• [Action item]:
After locating the line that holds "Носки вязаные с", repeat it and each following line exactly until the material ends, skipping pictures.

• [Supplied information]:
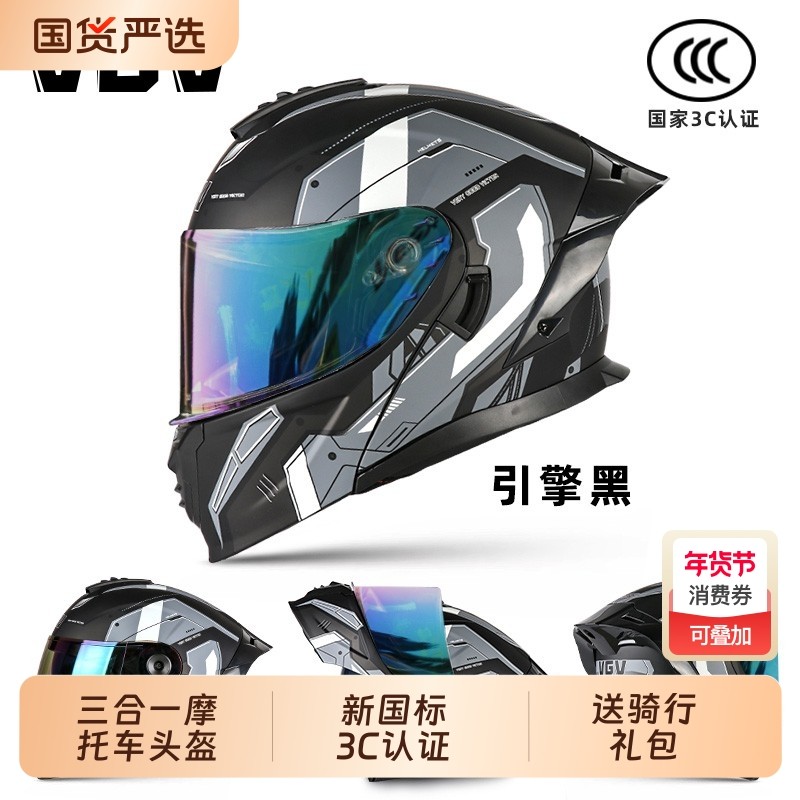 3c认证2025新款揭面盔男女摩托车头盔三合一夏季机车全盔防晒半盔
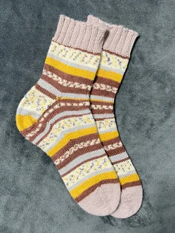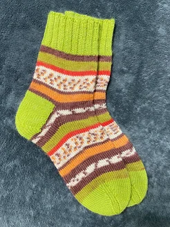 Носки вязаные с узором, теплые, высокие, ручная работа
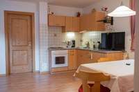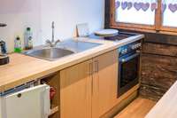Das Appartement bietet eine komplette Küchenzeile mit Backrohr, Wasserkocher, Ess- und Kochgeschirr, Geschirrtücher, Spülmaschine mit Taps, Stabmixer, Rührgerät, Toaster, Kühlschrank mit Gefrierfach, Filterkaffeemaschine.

• [Expected answer]:
 Носки вязаные с узором, теплые, высокие, ручная работа
Das Appartement bietet eine komplette Küchenzeile mit Backrohr, Wasserkocher, Ess- und Kochgeschirr, Geschirrtücher, Spülmaschine mit Taps, Stabmixer, Rührgerät, Toaster, Kühlschrank mit Gefrierfach, Filterkaffeemaschine.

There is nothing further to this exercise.